▸ TASK
Pictures stay out of the copy. Everything else in the records must be repeated exactly.

▸ GIVEN RECORDS
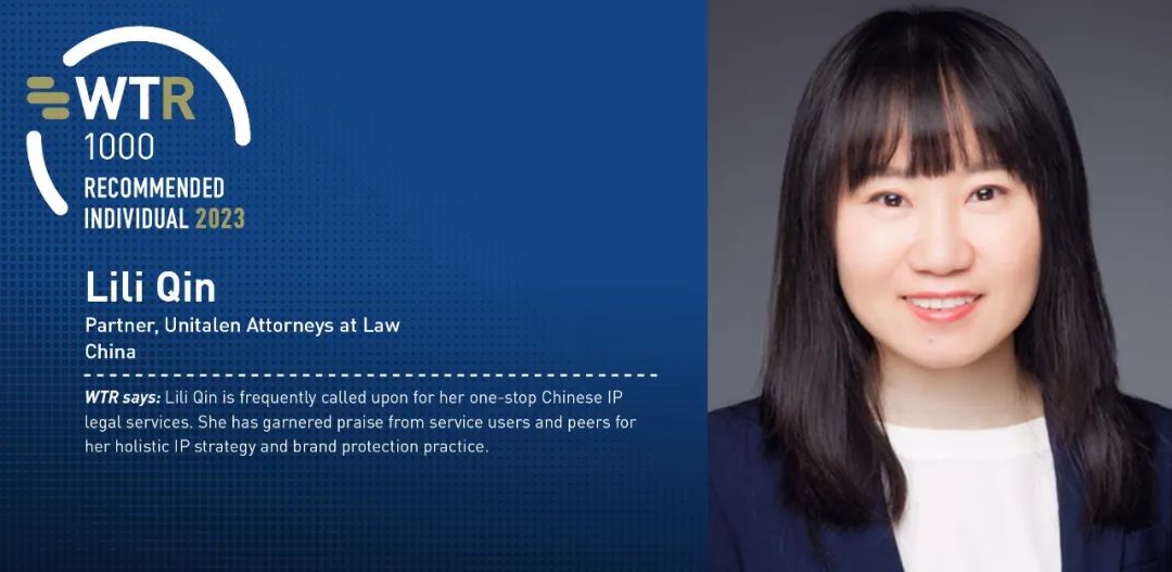 WTR評價:“WTR1000的新秀秦麗麗律師曾為VISA、超微和星展銀行等提供一站式中國知識產權法律服務,并以全面的知識產權戰略和品牌保護實踐贏得了客戶和同行的贊譽?!?/em>
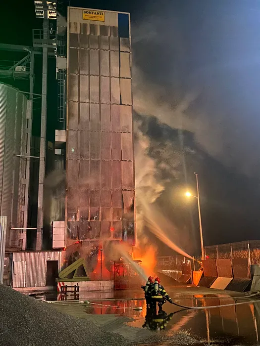 Un incendiu puternic a cuprins un depozit de cereale din Bacău. Zeci de tone de floarea soarelui au fost distruse de flăcări
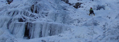 The top pitch had an exciting semi frozen section with fragile ice on the edge
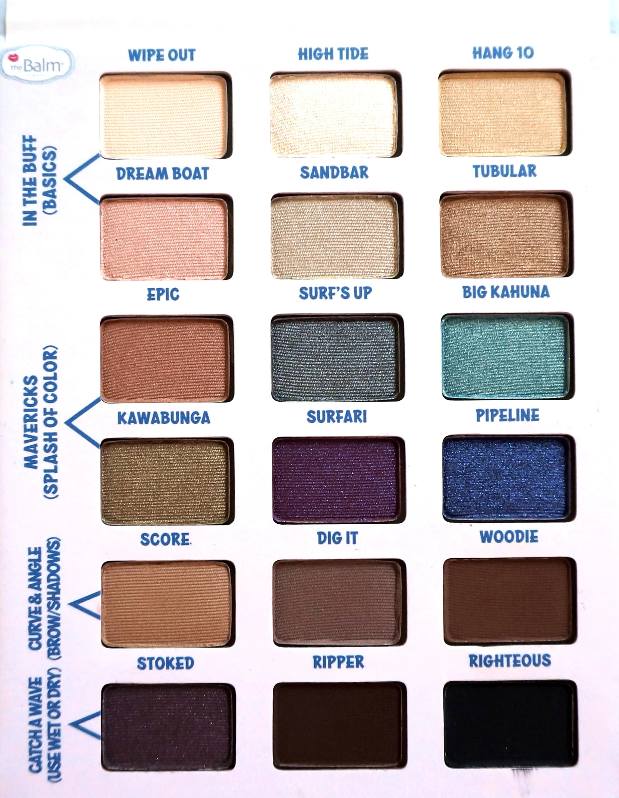 Wipe Out is a matte white for highlighting brows. High Tide is a white with shimmer flecks. So 80s imho. Hang 10 is a sandy shimmer color, perfect as a lid wash. Dreamboat is a pastel pink which I find too cool for my skin tone. Sandbar is a dove grey that flashes pink shimmer (also too cool), and Tubular is a light bronze. Is it obvious that these colors aren't exciting me?
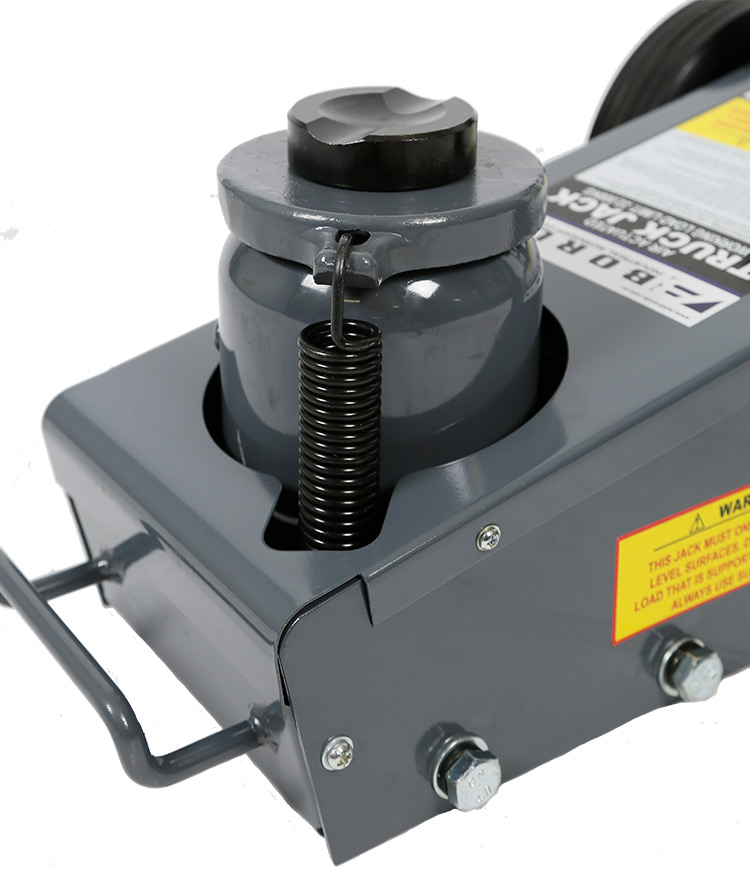 The alloy hardened piston-ram is treated and polished to resist thinning over time and uses an advanced Y-type polyurethane sealing ring system that keeps the jack solidly raised in the desired position, preventing the load from falling slowly. Fitted with a safety overload valve for extra protection, the safety valve is installed between the pump and high-pressure check valve in the barrel/lift ram assembly. When attempting to raise a load greater than the jack's capacity, the safety valve opens on each pump stroke and diverts any further oil back to the reservoir thus preventing the raising of the load.
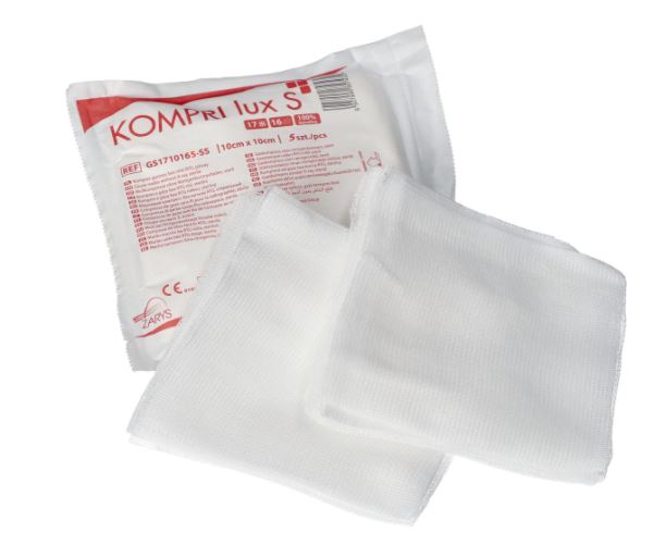 Kompresy KOMPRI lux S wykonane z hydrofilowej gazy bawełnianej bielonej metodą bezchlorową z użyciem wody utlenionej. Podwójnie podwijane brzegi (tzw. składanie typu „ES”) zapobiegają wysnuwaniu się luźnych nitek.

▸ RESPONSE TO THIS TASK
 WTR評價:“WTR1000的新秀秦麗麗律師曾為VISA、超微和星展銀行等提供一站式中國知識產權法律服務,并以全面的知識產權戰略和品牌保護實踐贏得了客戶和同行的贊譽?!?/em>
 Un incendiu puternic a cuprins un depozit de cereale din Bacău. Zeci de tone de floarea soarelui au fost distruse de flăcări
 The top pitch had an exciting semi frozen section with fragile ice on the edge
 Wipe Out is a matte white for highlighting brows. High Tide is a white with shimmer flecks. So 80s imho. Hang 10 is a sandy shimmer color, perfect as a lid wash. Dreamboat is a pastel pink which I find too cool for my skin tone. Sandbar is a dove grey that flashes pink shimmer (also too cool), and Tubular is a light bronze. Is it obvious that these colors aren't exciting me?
 The alloy hardened piston-ram is treated and polished to resist thinning over time and uses an advanced Y-type polyurethane sealing ring system that keeps the jack solidly raised in the desired position, preventing the load from falling slowly. Fitted with a safety overload valve for extra protection, the safety valve is installed between the pump and high-pressure check valve in the barrel/lift ram assembly. When attempting to raise a load greater than the jack's capacity, the safety valve opens on each pump stroke and diverts any further oil back to the reservoir thus preventing the raising of the load.
 Kompresy KOMPRI lux S wykonane z hydrofilowej gazy bawełnianej bielonej metodą bezchlorową z użyciem wody utlenionej. Podwójnie podwijane brzegi (tzw. składanie typu „ES”) zapobiegają wysnuwaniu się luźnych nitek.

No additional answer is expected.